The money that was announced Tuesday morning on the steps of the old Fox Tech Shop buildings, the future home of CAST Tech, represents one of the largest gifts that the 80/20 Foundation has given out. They hope it will generate an additional $600,000 from corporate and foundational donors. 

David Heard, CEO of Tech Bloc, says the new foundation that will raise these funds is about more than this new  school.

"The IT industry has never come together before to raise capital dollars for a project like this. The foundation gives us an identity to run the campaign, collect the funds, make it easy for people to donate, monitor our progress, and also the foundation gives us a platform at Tech bloc to do future education fund raising around things other than CAST Tech. For now CAST Tech is our focus."

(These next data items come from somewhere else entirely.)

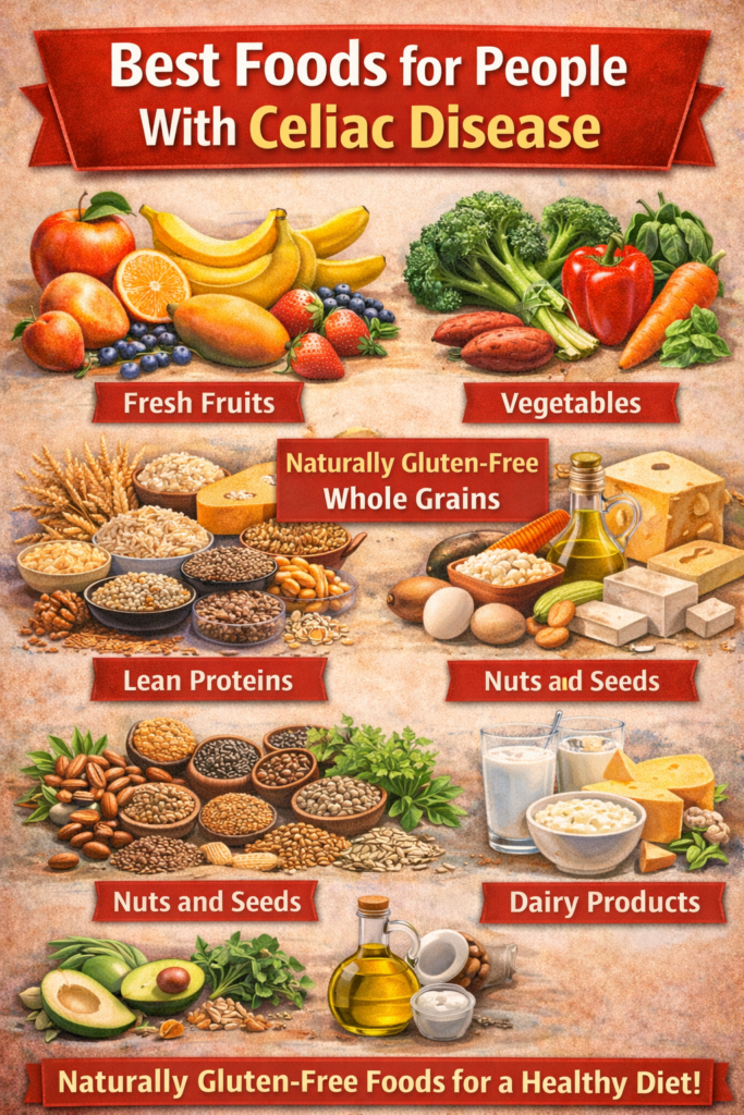 The only effective treatment for celiac disease is a strict gluten-free diet. Fortunately, many delicious and nutritious foods are naturally gluten-free and safe to eat. Choosing the right foods not only prevents symptoms but also helps the body heal and maintain good overall health.
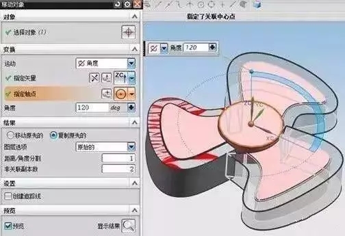 5、用移動對象-角度旋轉(zhuǎn)出另外兩個風(fēng)葉分型實體,如下圖:
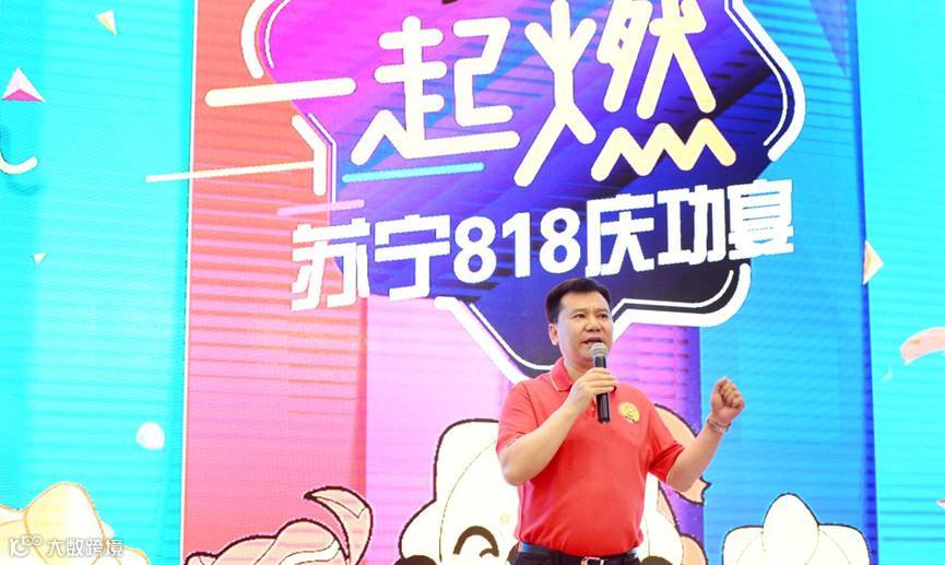 (图: 张近东在818庆功宴讲话中为员工鼓劲)
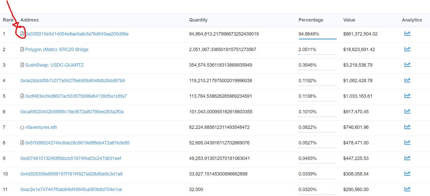 Теперь у вас есть обзор всех кошельков, на которых хранится $QUARTZ.

Tech Bloc doesn't just want foundations and corporate money though, they also announced $10 -4 Tech a small -dollar campaign encouraging people working in the tech field to give, or "have some skin in the game." People can give online through the San Antonio Area Foundation.

The $1.2 million would represent roughly 12 percent of the estimated capital budget for the new school. Along with the $2.6 million that was given in June from Charles Butt and H-E-B specifically to the capital budget will bring the school to nearly half the $10 million they need to renovate the buildings and provide the technology.

SAISD expects to open the school in the Fall of 2017 and hopes to enroll more than a 150 students. The timeline has been described as "aggressive."